Letzte Woche habe ich von Gustave Flaubert endlich die Drei Erzählungen gelesen, eines von diesen Büchern, die man eigentlich schon längst gelesen haben wollte. Am beeindruckensten ist wohl die Geschichte der Dienstmagd Felicité (das heißt Glück), die Flaubert in Ein schlichtes Herz erzählt. Sinnigerweise ist diese einfache und eigentlich ihr Leben lang einsame Frau tatsächlich auf eine traurige Weise glücklich: weil sie sehr katholisch ist und alles glaubt, was man ihr über Heiligenlegenden, die Mutter Gottes und das Mysterium der Kommunion erzählt. Das ihr Glaube nur eine traurige Illusion ist, zeigt Flaubert durch ein bedrückendes Bild: ihr ganzes Leben lang liebt Felicité einen grünen Papagei, erst als lebendiges Tier, später ausgestopft, und je älter sie wird, um so mehr überträgt sie ihre Verehrung der Mutter Gottes auf den ausgestopften grünen Vogel, und als sie am Ende stirbt, sieht sie einen riesigen grüne Papagei mit ausgebreiteten Flügeln, der ihre Seele aufzunehmen scheint, und das tieftraurige daran ist, das diese Illusion sie tröstet.

Hoffnung!
In der ZEIT stand, warum die Zeit schneller vergeht, je älter man wird: das soll in erster Linie gar nicht daran liegen, daß die relative Länge einer Zeitspanne im Vergleich zur Gesamtlänge des bisherigen Lebens geringer wird (also ein Jahr für einen Dreijährigen ein Drittel seines Lebens ausmacht, für einen Dreißigjährigen nur noch ein Dreißigstel etc.), sondern: je monoter das Leben wird, um so weniger Zeitverlauf verbucht das Gehirn, 365 gleiche Tage werden nur wie ein Tag gespeichert, und dann vergeht die ZEIT natürlich schneller.

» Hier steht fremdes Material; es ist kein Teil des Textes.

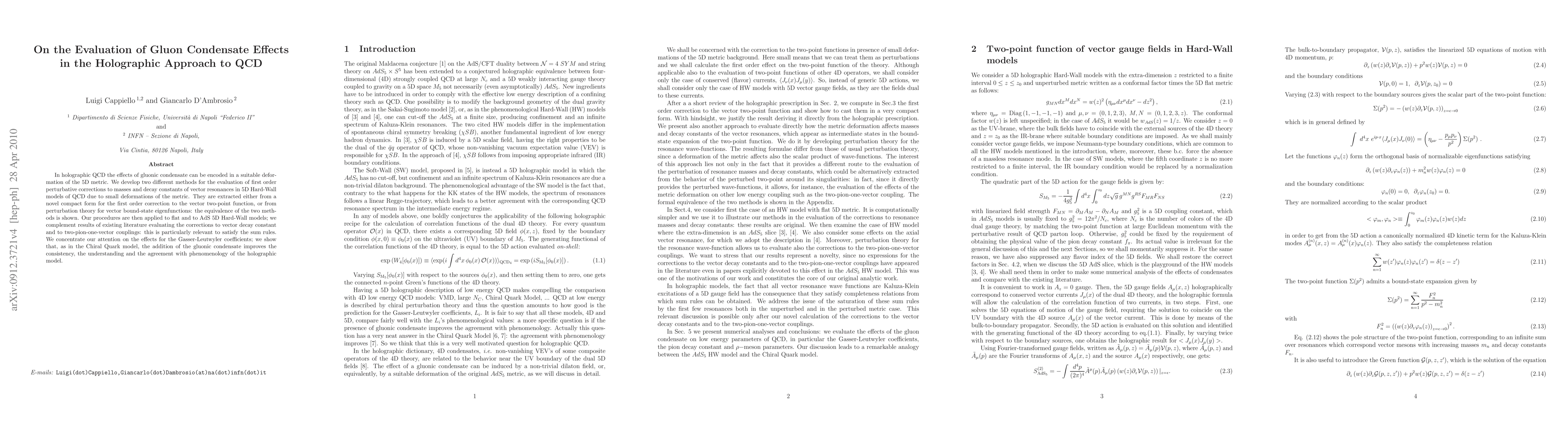 In holographic QCD the effects of gluonic condensate can be encoded in a suitable deformation of the 5D metric. We develop two different methods for the evaluation of first order perturbative corrections to masses and decay constants of vector resonances in 5D Hard-Wall models of QCD due to small deformations of the metric. They are extracted either from a novel compact form for the first order correction to the vector two-point function, or from perturbation theory for vector bound-state eigenfunctions: the equivalence of the two methods is shown. Our procedures are then applied to flat and to AdS 5D Hard-Wall models; we complement results of existing literature evaluating the corrections to vector decay constant and to two-pion-one-vector couplings: this is particularly relevant to satisfy the sum rules. We concentrate our attention on the effects for the Gasser-Leutwyler coefficients; we show that, as in the Chiral Quark model, the addition of the gluonic condensate improves the consistency, the understanding and the agreement with phenomenology of the holographic model.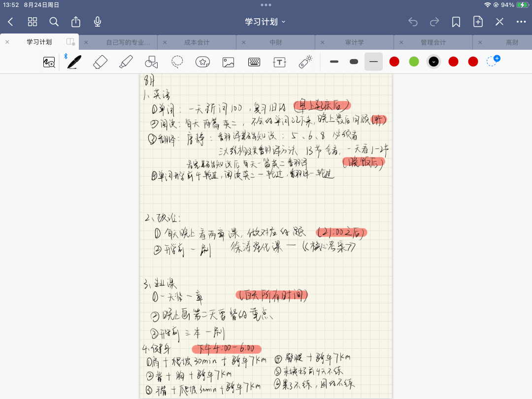 陈嘉政就以备考为目标制定日程安排

Also: mehr Abwechslung ins Leben bringen, öfter mal neue Herausforderungen, und das Leben wirkt viel länger. Und man hat mehr, worüber man im Weblog schreiben kann.
Und noch was macht Hoffnung: im Alter nimmt die Leistungsfähigkeit des Gehirn gar nicht ab, das soll nur eine selffullfillment prophecy sein: weil man davon ausgeht, im Alter nicht mehr soviel lernen zu können, wagt man sich an weniger Herausforderungen und wenn, dann häufig weniger optimistisch und motiviert. Und dann lernt man natürlich weniger effektiv, obwohl die Fähigkeit, zum Beispiel Sprachen oder Instrumente zu erlernen, immer noch vorhanden ist.